First, make any additional changes to your code.
Then, type git add .
, followed by git commit --amend --no-edit
. When you include --no-edit
, the commit message will not change. If you exclude that flag, you will get the chance to revise your commit message. This can be useful if your ammendment meaningfully changes the nature of your commit.
Sometimes you might be working on a particular task and you make several commits. However, when you look back at many commits, you feel that some of them are not useful and don't point to a place where you would ever want to go back to. As an example:
first commit - "added a user profile page" second commit - "laid out user image and summary" third commit - "removed console.log" fourth commit - "added a contact me section"
One of these is not like the other... Let's see how we could use git to get rid of the third commit and 'squash' it into the fourth commit.
Let's start with git rebase i HEAD~4
. This will open an interactive rebase view in VIM. We can re-write the keyword beside the commit we don't want and change it to squash
. This will squash it into the fourth commit. We could also potentially drop it - though that is a bit more risky since we are letting go of the code completely.

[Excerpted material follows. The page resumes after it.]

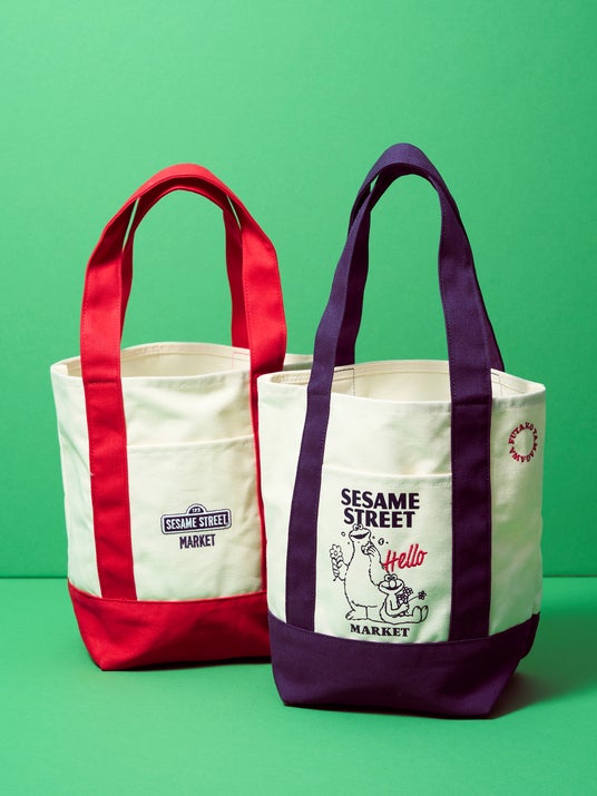 お花を手にしながら遊ぶエルモとクッキーモンスターのアートをあしらったトートバッグ。シンプルながらもバイカラーがアクセントになったデザインとしっかりした素材感で、シーンを選ばず気軽にお使いいただけます。使わないときは折りたたんで持ち運べるため、バッグの中でもかさばりにくいのがポイント。

We're going to end our journey through Git with an interactive rebase. Sometimes, you may look back and see that several commits ago, you included something in your code that has since been removed, but it't not enough to remove it from the active code. Rather, you need to remove it from the whole commit history. For this, we also use interactive rebase, but now, we want to use the edit
keyword. Once we save this interactive rebase, it will essentially create a script that plays back each of our commits, allowing us to edit any of them we labeled with the edit
key word.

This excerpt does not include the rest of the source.